** Dataset extract **
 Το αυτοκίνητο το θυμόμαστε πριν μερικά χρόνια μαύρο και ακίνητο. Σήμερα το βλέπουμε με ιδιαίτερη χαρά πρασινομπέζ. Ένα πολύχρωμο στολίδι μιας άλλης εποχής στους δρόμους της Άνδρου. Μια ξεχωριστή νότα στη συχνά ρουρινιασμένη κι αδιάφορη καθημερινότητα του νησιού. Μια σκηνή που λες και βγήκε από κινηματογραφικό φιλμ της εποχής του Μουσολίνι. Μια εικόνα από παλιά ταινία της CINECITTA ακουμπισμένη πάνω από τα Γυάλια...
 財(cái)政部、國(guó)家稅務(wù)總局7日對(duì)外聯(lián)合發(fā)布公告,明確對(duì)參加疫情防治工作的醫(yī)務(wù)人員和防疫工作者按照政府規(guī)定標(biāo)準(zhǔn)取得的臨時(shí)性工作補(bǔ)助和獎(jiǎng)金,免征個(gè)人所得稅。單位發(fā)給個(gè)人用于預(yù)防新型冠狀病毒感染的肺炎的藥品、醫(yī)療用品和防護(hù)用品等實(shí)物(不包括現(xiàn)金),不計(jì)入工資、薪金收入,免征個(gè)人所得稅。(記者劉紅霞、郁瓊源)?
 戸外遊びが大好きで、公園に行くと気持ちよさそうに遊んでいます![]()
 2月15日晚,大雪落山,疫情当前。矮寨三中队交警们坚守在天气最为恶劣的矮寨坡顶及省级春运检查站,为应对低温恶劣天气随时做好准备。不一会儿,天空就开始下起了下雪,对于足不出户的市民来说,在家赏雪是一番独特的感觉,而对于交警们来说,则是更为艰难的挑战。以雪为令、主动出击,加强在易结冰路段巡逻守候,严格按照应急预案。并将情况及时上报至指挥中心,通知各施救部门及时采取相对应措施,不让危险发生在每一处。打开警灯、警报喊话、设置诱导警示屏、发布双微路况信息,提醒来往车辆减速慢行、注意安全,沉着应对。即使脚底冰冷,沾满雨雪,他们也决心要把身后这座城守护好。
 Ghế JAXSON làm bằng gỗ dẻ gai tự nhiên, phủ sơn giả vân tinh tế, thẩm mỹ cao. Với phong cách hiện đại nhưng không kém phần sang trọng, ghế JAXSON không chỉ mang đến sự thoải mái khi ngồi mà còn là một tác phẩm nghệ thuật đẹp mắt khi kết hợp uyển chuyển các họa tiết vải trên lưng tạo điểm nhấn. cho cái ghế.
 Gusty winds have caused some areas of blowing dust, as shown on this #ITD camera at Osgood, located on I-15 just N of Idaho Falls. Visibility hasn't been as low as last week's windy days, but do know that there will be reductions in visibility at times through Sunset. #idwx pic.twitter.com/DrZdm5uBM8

...

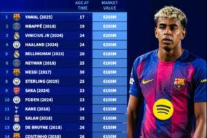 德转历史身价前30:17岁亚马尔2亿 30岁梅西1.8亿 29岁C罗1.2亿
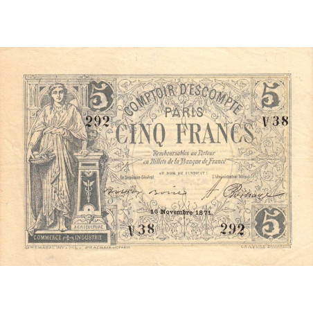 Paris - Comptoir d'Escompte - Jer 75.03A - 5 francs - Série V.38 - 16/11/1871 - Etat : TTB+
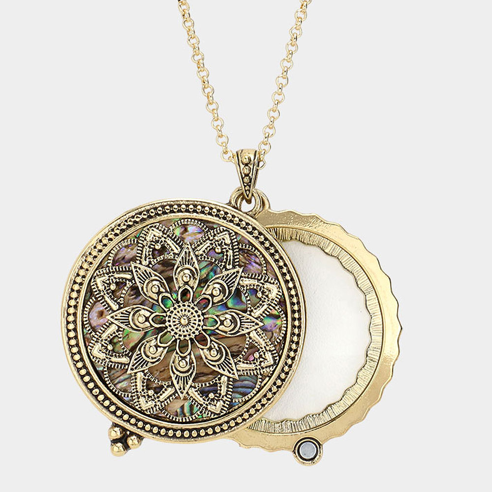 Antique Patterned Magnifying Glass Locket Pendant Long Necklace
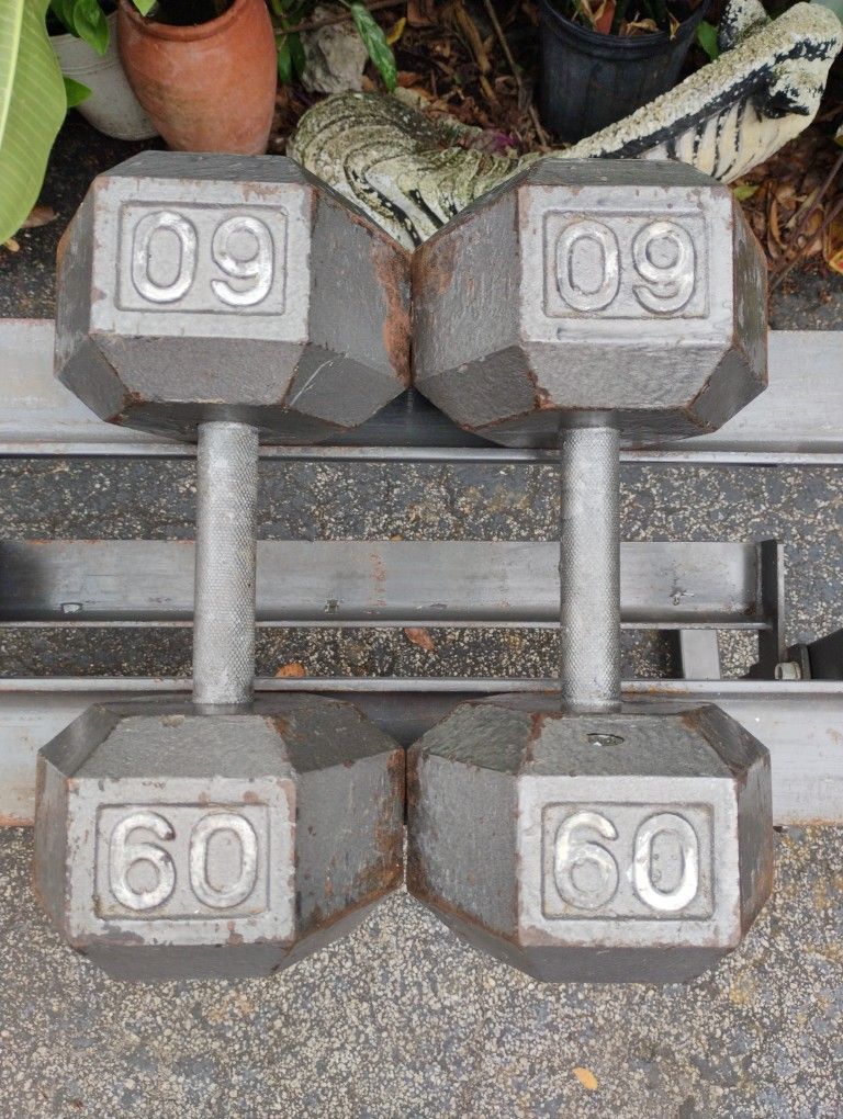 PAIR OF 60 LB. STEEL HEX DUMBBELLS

** Aim of the exercise **
Copy exactly the stretch of data above from the line with "2月15日晚,大雪落山,疫情" through the line with "Gusty winds have", and omit all other lines.

** Output for this exercise **
 2月15日晚,大雪落山,疫情当前。矮寨三中队交警们坚守在天气最为恶劣的矮寨坡顶及省级春运检查站,为应对低温恶劣天气随时做好准备。不一会儿,天空就开始下起了下雪,对于足不出户的市民来说,在家赏雪是一番独特的感觉,而对于交警们来说,则是更为艰难的挑战。以雪为令、主动出击,加强在易结冰路段巡逻守候,严格按照应急预案。并将情况及时上报至指挥中心,通知各施救部门及时采取相对应措施,不让危险发生在每一处。打开警灯、警报喊话、设置诱导警示屏、发布双微路况信息,提醒来往车辆减速慢行、注意安全,沉着应对。即使脚底冰冷,沾满雨雪,他们也决心要把身后这座城守护好。
 Ghế JAXSON làm bằng gỗ dẻ gai tự nhiên, phủ sơn giả vân tinh tế, thẩm mỹ cao. Với phong cách hiện đại nhưng không kém phần sang trọng, ghế JAXSON không chỉ mang đến sự thoải mái khi ngồi mà còn là một tác phẩm nghệ thuật đẹp mắt khi kết hợp uyển chuyển các họa tiết vải trên lưng tạo điểm nhấn. cho cái ghế.
 Gusty winds have caused some areas of blowing dust, as shown on this #ITD camera at Osgood, located on I-15 just N of Idaho Falls. Visibility hasn't been as low as last week's windy days, but do know that there will be reductions in visibility at times through Sunset. #idwx pic.twitter.com/DrZdm5uBM8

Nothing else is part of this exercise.